[[ Entries shown, beginning ]]

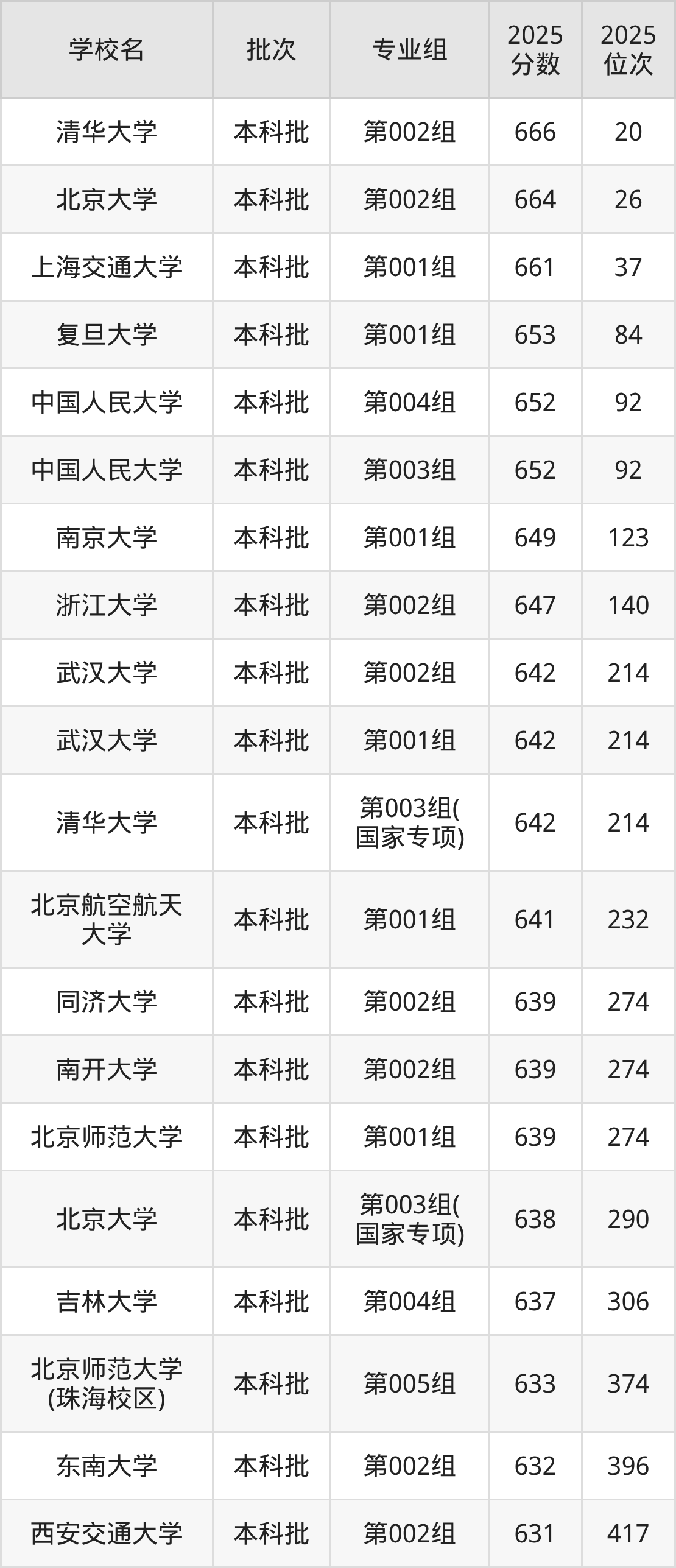 山西高考631分:历史类排名417位、物理类排名3837位。该分数位次对应能上的大学历史类有中国人民大学第005组(国家专项)、华东师范大学第005组;物理类有北京理工大学第303组(国家专项)、吉林大学第307组,更多名单如下文所示,2026届考生可参考。
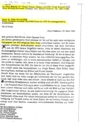 Rechts and Crime Ein Quintett hat sich gefunden, um gemeinsam Politik zu betreiben: Dieter Schinzel, Tilman Fichter, Peter Brandt, Erich Schmidt- Eenboom, Helmut Lölhöffel. Die Kontakte der fünf zum Neofaschismus haben wir vielfach öffentlich gemacht. Nun schrieben sie gemeinsam einen Brief an den "Ersten Parlamentarischen Geschäftsführer" der SPD-Bundestagsfraktion, Peter Struck, den wir auf der Rückseite dokumentieren: Ein Anschlag auf das Grundgesetz, auf die freie Entscheidung der Abgeordneten. Weniger die kaum verhohlene Forderung an Struck als vielmehr ihre positive Resonanz in der Spitze der SPD-Fraktion ist ein Novum in der Geschichte des demokratischen deutschen Parlaments. Die Resonanz findet allenfalls noch in den Verbotsgründen des Bundesverfassungsgerichtes gegen die KPD eine Parallele. Das Quintett spricht diejenigen in der SPD an, die seit Jahren für den Niedergang der Sozialdemokratie Verantwortung tragen und erhofft sich wohl - nicht zu Unrecht - eine Politik der verbrannten Erde gegenüber den Sozialisten in der Partei. Berufsverbote sind wieder angesagt, denn freie Bahn muß her für eine Politik des Sozialabbaus und der weltweiten Bundeswehr-Kriegseinsätze. Unfaßbar ist es, wenn hierbei sogar - wie selbstverständlich - ein Milieu ins Spiel kommt, das vielfach zum Kriminellen hin ausfranst. "Wann wir schreiten Seit' an Seit'" Das gemeinsame Auftreten dieses Quintetts beweist, was wir seit Jahren in Einzelfällen immer wieder nachgewiesen haben: Es existiert in der SPD eine einflußreiche nationalrevolutionäre Hintergrund-Szene. Die "Konservative Revolution" hat in der SPD einen Brückenkopf, von dem aus Partei- und Fraktionsspitze erreichbar sind.Ein
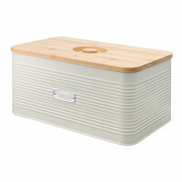 - Хлебница выполнена из углеродистой стали с износостойким порошковым покрытием, что гарантирует ей устойчивость к коррозии, повреждениям и износу. - Крышка из бамбука привносит в дизайн природную элегантность, препятствует попаданию внутрь пыли и влаги, а также может использоваться в качестве разделочной доски. - На корпусе предусмотрены вентиляционные отверстия для предотвращения отсыревания продуктов и появления плесени. - Небольшие размеры обеспечивают компактное размещение.
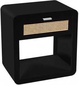 Lend your bedroom a distinctive touch with this Langham black night stand from Meridian Furniture. Featuring an open, rectangular design and a natural cane drawer front, this night stand is truly unique. A sleek black finish complements the existing decor in your bedroom.Read More
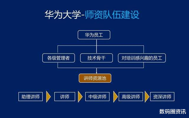 对于华为大学的要求,任正非从创立之初就提出过非常明确的目标,任正非说我们的学员都是受过高等教育的员工,所以在华为大学中最主要的任务是进行训战结合。华为公司肯定是要奋斗的,但是如果光有干劲儿肯定不行,而要掌握方法要不断学习,这也是华为大学创办的初衷。在华为大学的师资队伍建设这张结构图中大家也可以非常清楚的看到,在华为大学中担任老师的都是华为的各层管理者和技术骨干,华为大学最大的意义也就是为所有想学习的员工提供了一个学习环境。
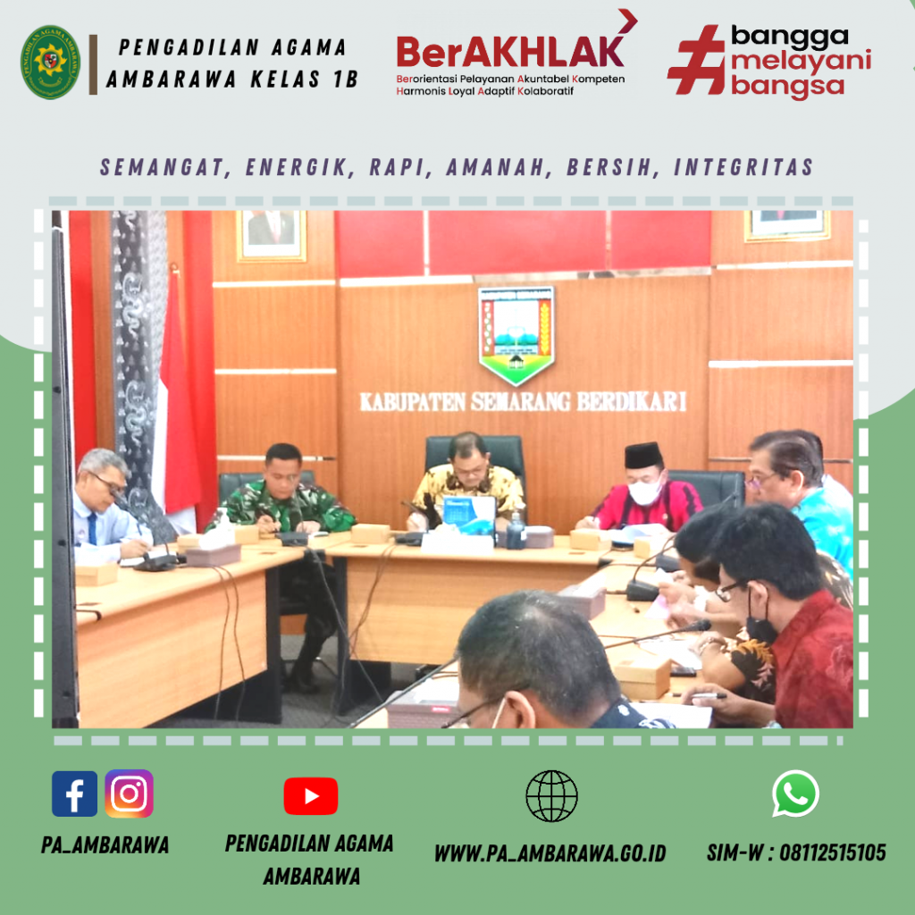 RAPAT KOORDINASI FORKOPIMDA Pada hari Kamis tanggal 2 Juni 2022, Ketua Pengadilan Agama Ambarawa, Bapak Ishak Lubis, S. Ag mengikuti kegiatan Rapat Koordinasi yang diselenggarakan oleh Forum Pimpinan Daerah (FORKOPIMDA) bertempat di Kantor Bupati Kabupaten Semarang. Rapat koordinasi tersebut membahas berbagai hal terkait dengan penanganan serta langkah-langkah yang harus dilakukan agar penyebaran Penyakit […]
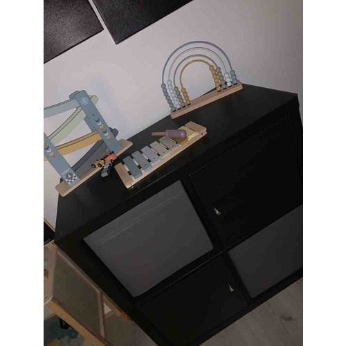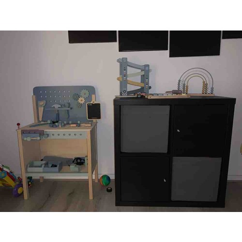 Mijn ervaring bij ons eerste kindje is dat je steeds meer meubels gaat kopen om speelgoed op te bergen. Zo zijn wij begonnen met een speelgoedkist, daarna een lage ikeakast trofast, een bureautje en als laatst een grotere kast van Woood. Er komt alleen maar meer speelgoed bij.
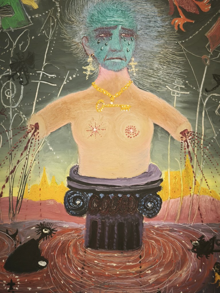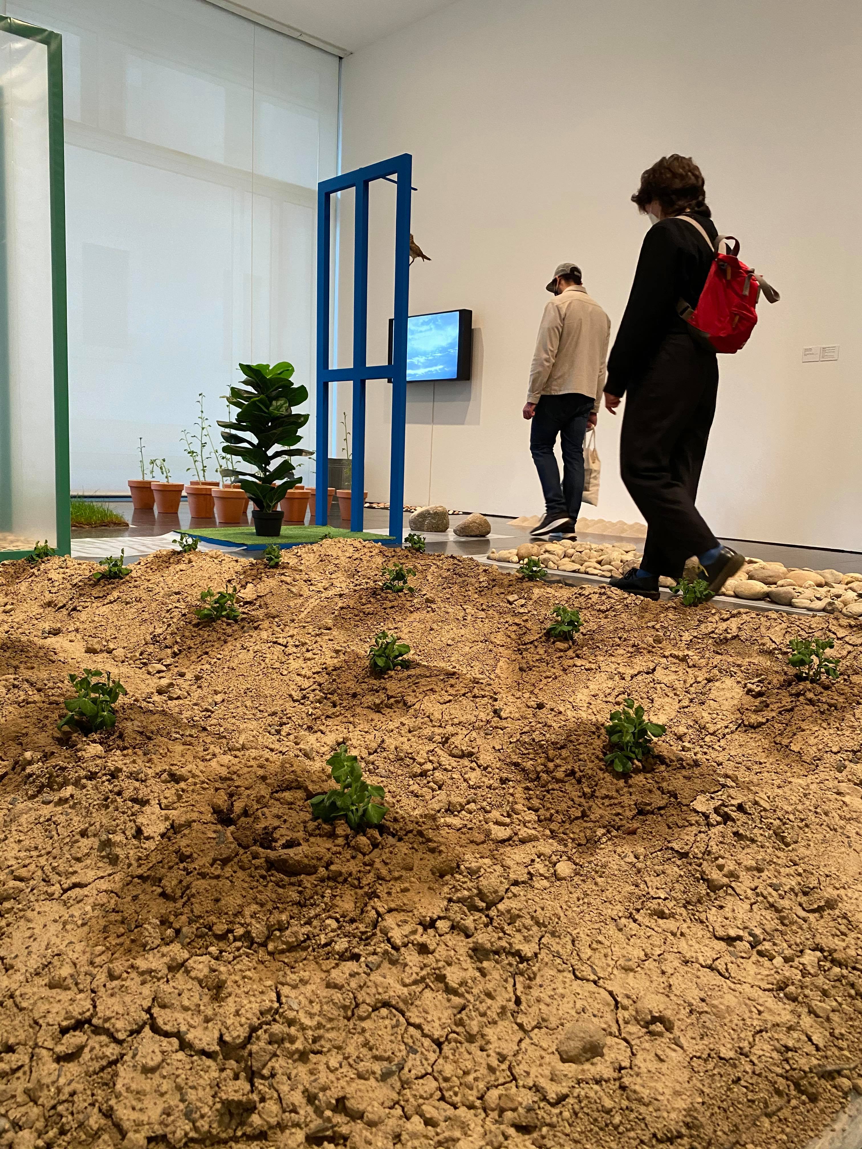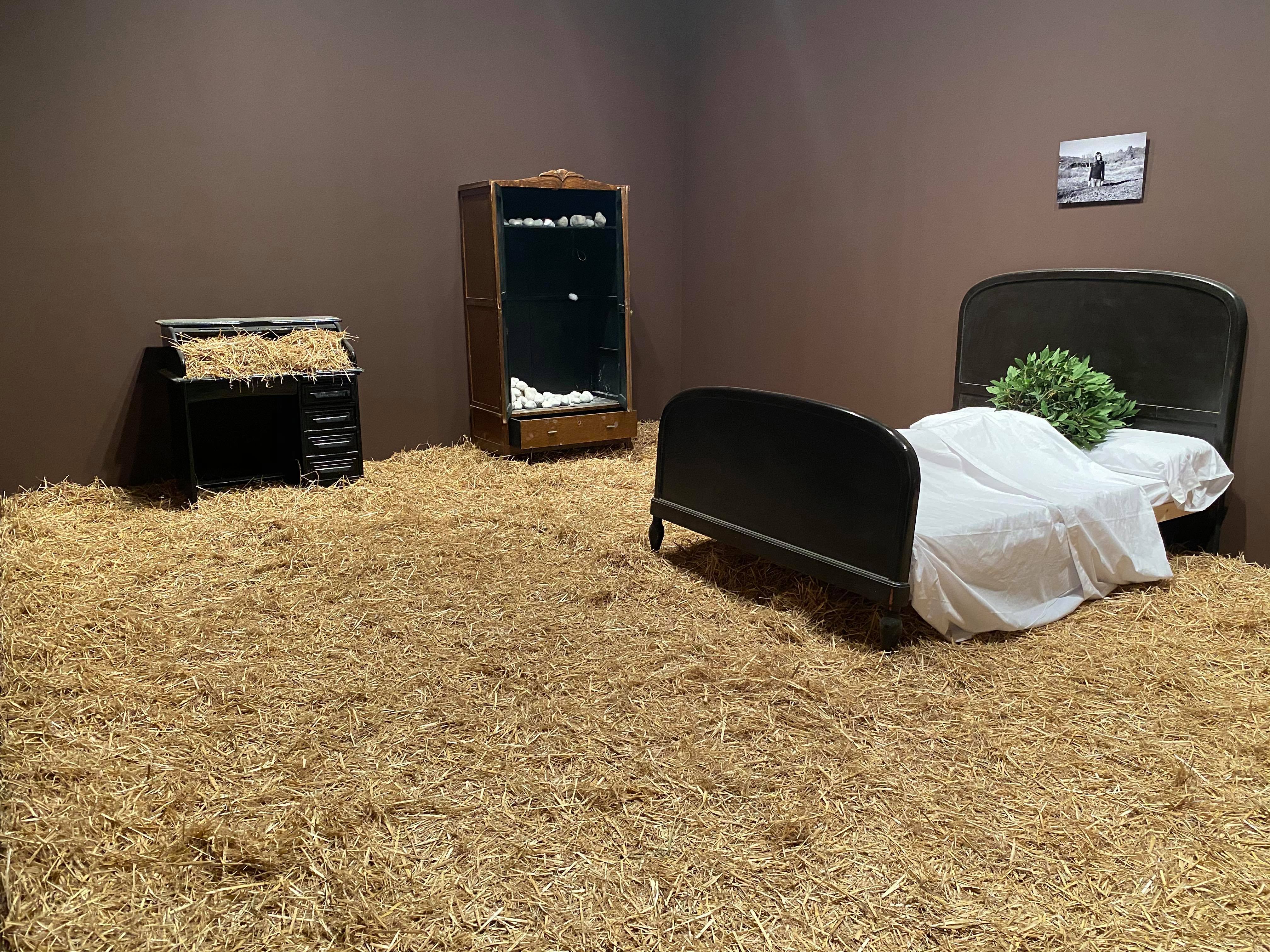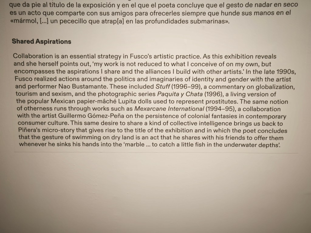 самото представяне на творбите, включени в изложабата й в MACBA, Барселона от 23 май 2025 до 11януари 2026 с надслов: ‘ Научих се да плувам на сушата ‘, прилича на една широко разтворена книга на живота в различни глави, откроени чрез езика на многообразни медии и спрямо това – съответно в различни формати и обеми на самото галерийно помещение.

[[ Entries shown, end ]]

(Problem requirements)
Here the job is to output the lines from the top of the listing through the line holding "Rechts and Crime", word for word and without pictures.

(Solution to the problem)
 山西高考631分:历史类排名417位、物理类排名3837位。该分数位次对应能上的大学历史类有中国人民大学第005组(国家专项)、华东师范大学第005组;物理类有北京理工大学第303组(国家专项)、吉林大学第307组,更多名单如下文所示,2026届考生可参考。
 Rechts and Crime Ein Quintett hat sich gefunden, um gemeinsam Politik zu betreiben: Dieter Schinzel, Tilman Fichter, Peter Brandt, Erich Schmidt- Eenboom, Helmut Lölhöffel. Die Kontakte der fünf zum Neofaschismus haben wir vielfach öffentlich gemacht. Nun schrieben sie gemeinsam einen Brief an den "Ersten Parlamentarischen Geschäftsführer" der SPD-Bundestagsfraktion, Peter Struck, den wir auf der Rückseite dokumentieren: Ein Anschlag auf das Grundgesetz, auf die freie Entscheidung der Abgeordneten. Weniger die kaum verhohlene Forderung an Struck als vielmehr ihre positive Resonanz in der Spitze der SPD-Fraktion ist ein Novum in der Geschichte des demokratischen deutschen Parlaments. Die Resonanz findet allenfalls noch in den Verbotsgründen des Bundesverfassungsgerichtes gegen die KPD eine Parallele. Das Quintett spricht diejenigen in der SPD an, die seit Jahren für den Niedergang der Sozialdemokratie Verantwortung tragen und erhofft sich wohl - nicht zu Unrecht - eine Politik der verbrannten Erde gegenüber den Sozialisten in der Partei. Berufsverbote sind wieder angesagt, denn freie Bahn muß her für eine Politik des Sozialabbaus und der weltweiten Bundeswehr-Kriegseinsätze. Unfaßbar ist es, wenn hierbei sogar - wie selbstverständlich - ein Milieu ins Spiel kommt, das vielfach zum Kriminellen hin ausfranst. "Wann wir schreiten Seit' an Seit'" Das gemeinsame Auftreten dieses Quintetts beweist, was wir seit Jahren in Einzelfällen immer wieder nachgewiesen haben: Es existiert in der SPD eine einflußreiche nationalrevolutionäre Hintergrund-Szene. Die "Konservative Revolution" hat in der SPD einen Brückenkopf, von dem aus Partei- und Fraktionsspitze erreichbar sind.Ein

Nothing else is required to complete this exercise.